A female architect who claims colleagues called her 'the bitch' and told her to wear skirts rather than trousers to show off her legs, is to take legal action against her employer in a potential landmark case for the profession.
The woman, who cannot be named, worked as the principal architect in a local authority architects department and alleges that she was the butt of horrific sexist taunts from her boss (a RIBA architect), a quantity surveyor and a clerk of works. She is suing for loss of earnings after leaving for a lower-paid job in private practice.
The architect claims that her boss once asked why her nipples were visible through her clothes and that he told her that he liked to position her in the office so he could brush against her body. These incidents came after she had turned down his request for an affair.
On a separate occasion she says that she overheard a conversation between the QS and clerk of works when the QSasked, 'have you seen the bitch?' to which the clerk replied, 'the bitch is over there'.When she remarked to the QSthat she was feeling ill, he said 'you're bloody pregnant, that's your problem'. She was not pregnant. She recorded each instance of harassment in a notebook, complete with dates and times. The evidence will be presented at an employment tribunal later this year and the names of the complainant and the local authority will remain under wraps until then.
The case looks set to test the anti-discrimination policies of the ARB and the RIBA. If the tribunal finds in her favour, both bodies are likely to call the accused architect before their own disciplinary committees so they can decide whether to strike him off. It would be the first sexual harassment case ever heard by the ARB, whose new code of conduct includes the phrase, 'architects should at all times act with integrity'.

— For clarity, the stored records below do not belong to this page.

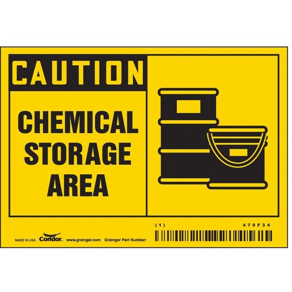 Safety Sign, Horizontal Rectangle, Number of Printed Sides 1, English, Sign Format Traditional OSHA, Sign Legend Chemical Storage Area, Sign Legend Background Color Yellow, Sign Legend Style Symbol and Text
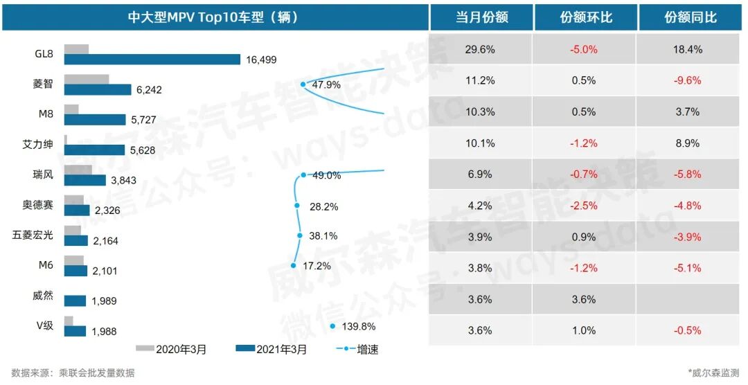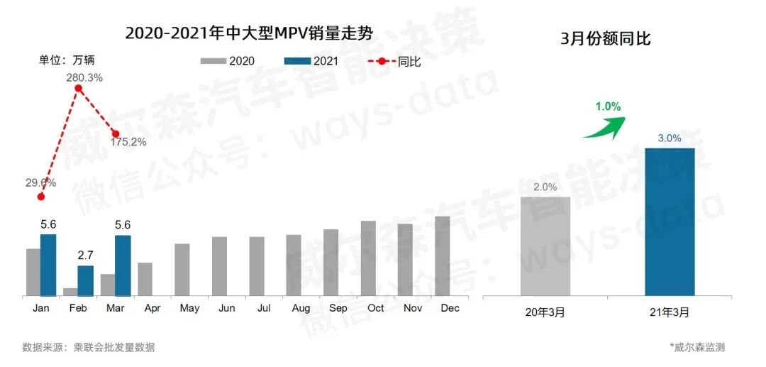 3月中大型MPV销量为5.6万辆,同比增长175.2%;份额为3.0%,同比增长1.0%。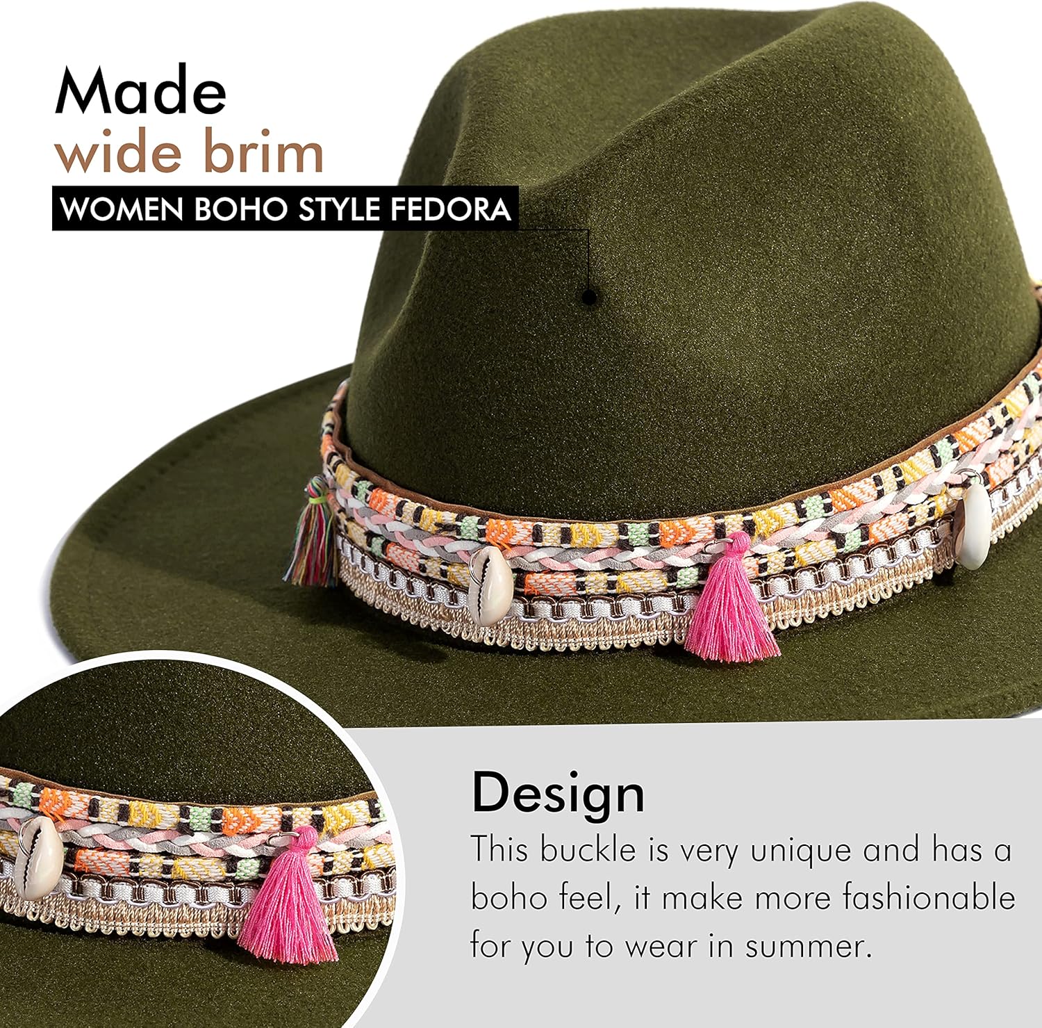 • MATERIAL: 65% cotton, 35% polyester, soft and comfortable to wear, this fedora hat with a chic boho belt buckle.
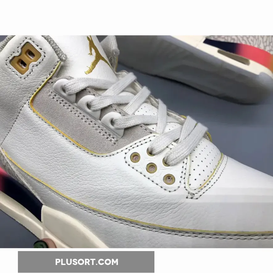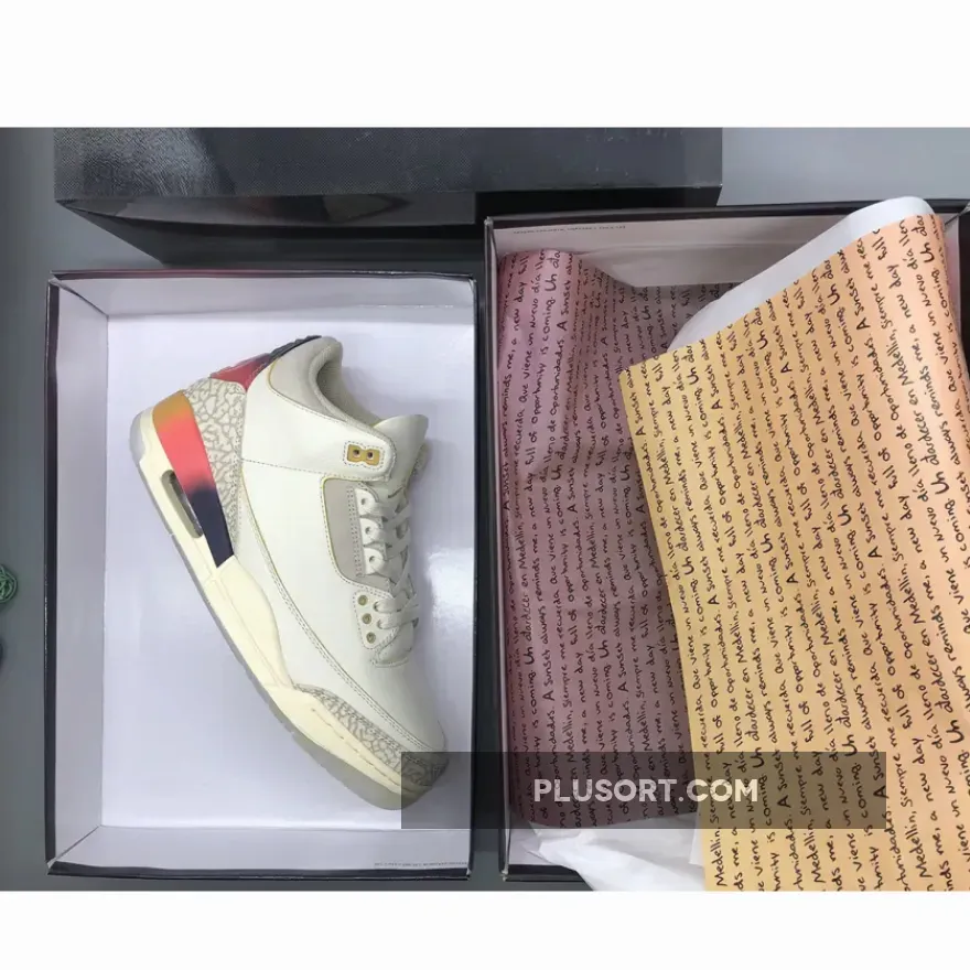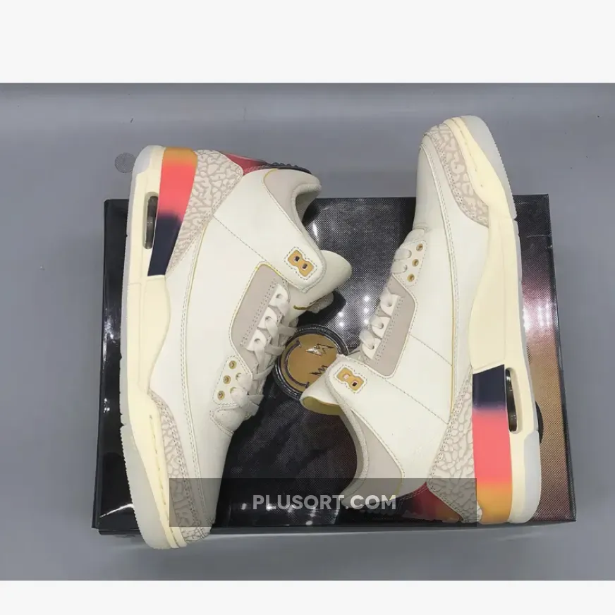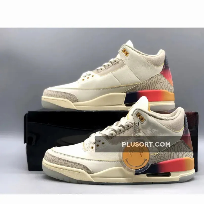 the J Balvin x Air Jordan 3 is given a Sail-colored leather base equipped with perforated tongues and Grey elephant print overlays on the toes and heels. The standout feature and detail is the multicolor gradient print along the midsole as well as on the heel tabs, which house “Nike Air” and J Balvin’s face logo respectively.

'If the chairman of the tribunal makes derogatory remarks about the professional conduct of the architects then we'd get involved, ' said the ARB's h e ad o f re g u l a t i on , Richard Coleman. Experienced RIBA disciplinary committee chairman Jim Cuthbertson said the institute's code of conduct demands respect for 'the legitimate rights and interests of others'.He could not recall a sexual harassment case being heard by the institute.
The case emerged after the distressed architect sought support from Architects for Change, the RIBA's new anti-discrimination initiative. The group has received 20 separate complaints of discrimination against either gender, race or disability since it launched one month ago (AJ 3.8.00), according to chairwoman Sumita Sinha.
'She said there were posters of naked women on the office walls - nasty soft porn, ' an enraged Sinha said. It's really not something you would expect from a local authority. These are the people making aesthetic judgements about buildings.'
The architect left her job and the council's grievance procedure failed to find in her favour.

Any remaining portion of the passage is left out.